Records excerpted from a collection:
[Start of section]
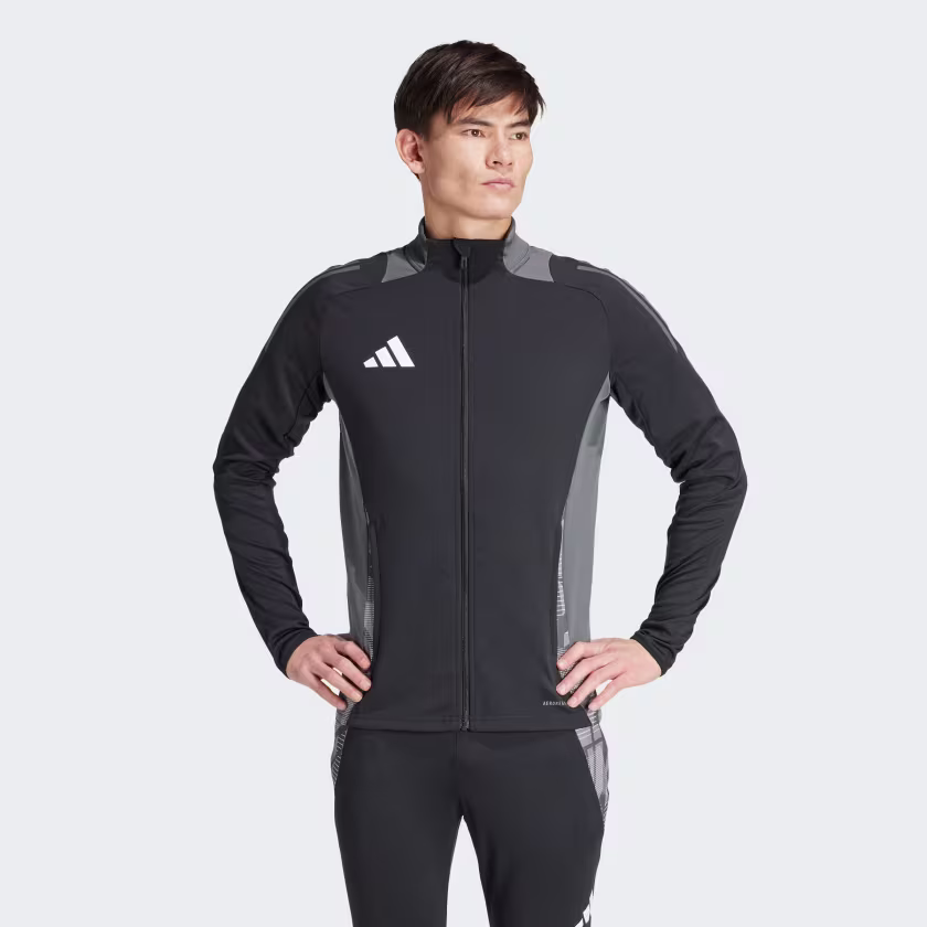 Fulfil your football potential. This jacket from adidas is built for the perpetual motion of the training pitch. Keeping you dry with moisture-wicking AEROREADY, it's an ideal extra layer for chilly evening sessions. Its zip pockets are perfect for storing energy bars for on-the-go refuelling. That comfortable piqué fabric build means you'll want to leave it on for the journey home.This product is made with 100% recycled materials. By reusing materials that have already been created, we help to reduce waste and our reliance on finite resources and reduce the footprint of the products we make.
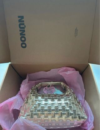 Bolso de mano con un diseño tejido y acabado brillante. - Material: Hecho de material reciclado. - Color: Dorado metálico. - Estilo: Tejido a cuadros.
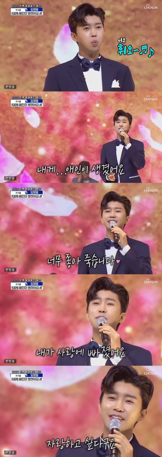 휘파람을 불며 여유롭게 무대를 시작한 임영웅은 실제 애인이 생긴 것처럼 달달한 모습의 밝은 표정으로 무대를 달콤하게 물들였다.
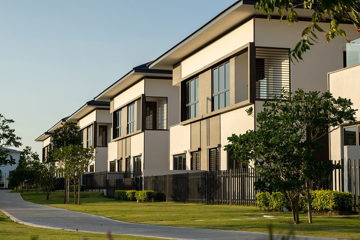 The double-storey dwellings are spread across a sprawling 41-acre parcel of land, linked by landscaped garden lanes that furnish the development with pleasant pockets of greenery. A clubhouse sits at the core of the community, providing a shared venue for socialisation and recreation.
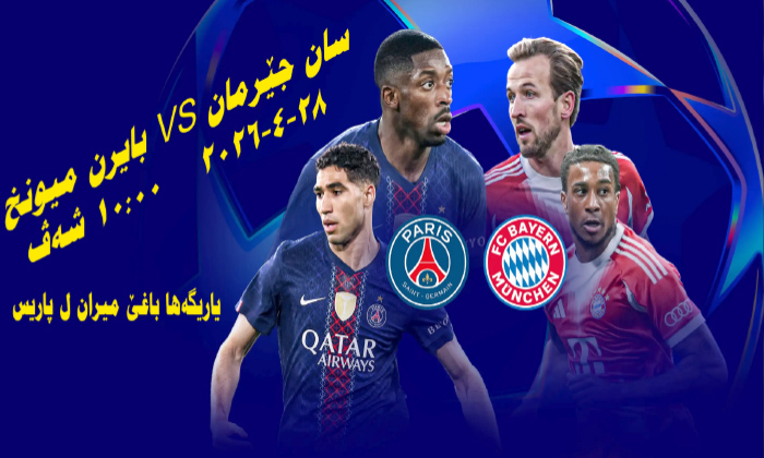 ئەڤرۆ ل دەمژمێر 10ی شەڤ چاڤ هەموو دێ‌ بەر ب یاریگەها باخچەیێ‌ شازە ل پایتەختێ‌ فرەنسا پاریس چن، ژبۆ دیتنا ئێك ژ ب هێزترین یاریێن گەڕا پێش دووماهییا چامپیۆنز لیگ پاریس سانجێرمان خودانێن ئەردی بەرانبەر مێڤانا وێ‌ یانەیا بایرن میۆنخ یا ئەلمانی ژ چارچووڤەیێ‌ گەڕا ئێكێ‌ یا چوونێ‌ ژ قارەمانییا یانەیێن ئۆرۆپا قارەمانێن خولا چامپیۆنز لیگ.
[End of section]
**WHAT IS NEEDED:** Every line from the one containing "휘파람을 불며 여유롭게" through the end of the records is to be returned exactly, and those lines alone; pictures are dropped.

**REPLY TO THE EXERCISE:**
 휘파람을 불며 여유롭게 무대를 시작한 임영웅은 실제 애인이 생긴 것처럼 달달한 모습의 밝은 표정으로 무대를 달콤하게 물들였다.
 The double-storey dwellings are spread across a sprawling 41-acre parcel of land, linked by landscaped garden lanes that furnish the development with pleasant pockets of greenery. A clubhouse sits at the core of the community, providing a shared venue for socialisation and recreation.
 ئەڤرۆ ل دەمژمێر 10ی شەڤ چاڤ هەموو دێ‌ بەر ب یاریگەها باخچەیێ‌ شازە ل پایتەختێ‌ فرەنسا پاریس چن، ژبۆ دیتنا ئێك ژ ب هێزترین یاریێن گەڕا پێش دووماهییا چامپیۆنز لیگ پاریس سانجێرمان خودانێن ئەردی بەرانبەر مێڤانا وێ‌ یانەیا بایرن میۆنخ یا ئەلمانی ژ چارچووڤەیێ‌ گەڕا ئێكێ‌ یا چوونێ‌ ژ قارەمانییا یانەیێن ئۆرۆپا قارەمانێن خولا چامپیۆنز لیگ.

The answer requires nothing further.